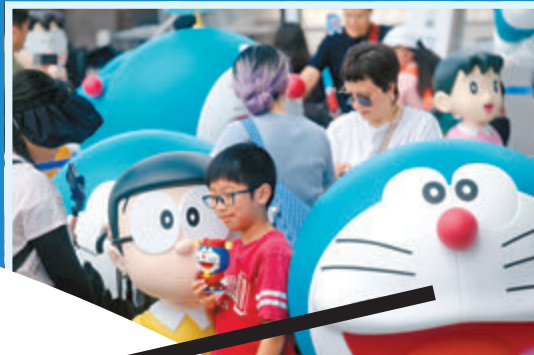
◆大小朋友開心打卡。
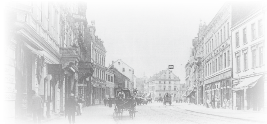
Münsterstraße um 1906: Schon damals gab es ein Bettenhaus in der Nummer 28.
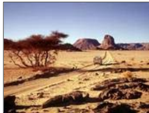
Wüste in Algerien (Archivbild)
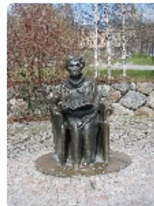
Памятник Астрид Линдгрэн в Стокгольме

:Разбойники вынуждены помириться, чтобы заставить детей вернуться домой. Шайки Борки и Маттиса объединились. Рони и Бирк поклялись, что не станут продолжателями семейного «дела», что сильно огорчило их отцов.
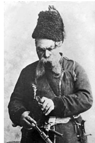
М. Кропивницький у ролі Тараса Бульби

артистів – П. К.) поповнюються всякого роду невдахами і п'яницями обох статей...». У 1886 році М. Кропивницький вдруге прибуває до Криму у складі трупи М. Старицького, яка гастролувала в Севастополі майже увесь вересень. Ще до гастролей рецензент «Севастопольського листка» повідомляв, що спектаклі передбачаються надзвичайно цікаві, оскільки в них бере участь один із найвидатніших українських артистів М. Кропивницький. Високо оцінюючи його майстерність, рецензент і глядачі буквально милувалися образом Шпоньки із комедії М. Старицького «Як ковбаса та чарка, то минеться й сварка», якого Кропивницький зіграв, як зазначала преса, незрівнянно. «Передати словами всю викінченість цього виконання неможливо, потрібно бачити це майстерне змалювання кожної деталі, вірність інтонації, комізм висловів у найбільш осмисленій формі, щоб зрозуміти, наскільки п. Кропивницький майстер своєї справи і талановитий артист. Театр був до того переповнений, що виникла потреба приставних стільців». У 1889, 1891, 1896 роках М. Кропивницький прибуває до Криму вже із власною трупою, до складу якої входило багато відомих тоді артистів, зокрема,

[The problem]: Give back exactly the lines above that run from the one with "Памятник Астрид Линдгрэн в Стокгольме" to the one with "М. Кропивницький у ролі Тараса Бульби", including both, with the pictures left out.

[Final answer]:
Памятник Астрид Линдгрэн в Стокгольме

:Разбойники вынуждены помириться, чтобы заставить детей вернуться домой. Шайки Борки и Маттиса объединились. Рони и Бирк поклялись, что не станут продолжателями семейного «дела», что сильно огорчило их отцов.
М. Кропивницький у ролі Тараса Бульби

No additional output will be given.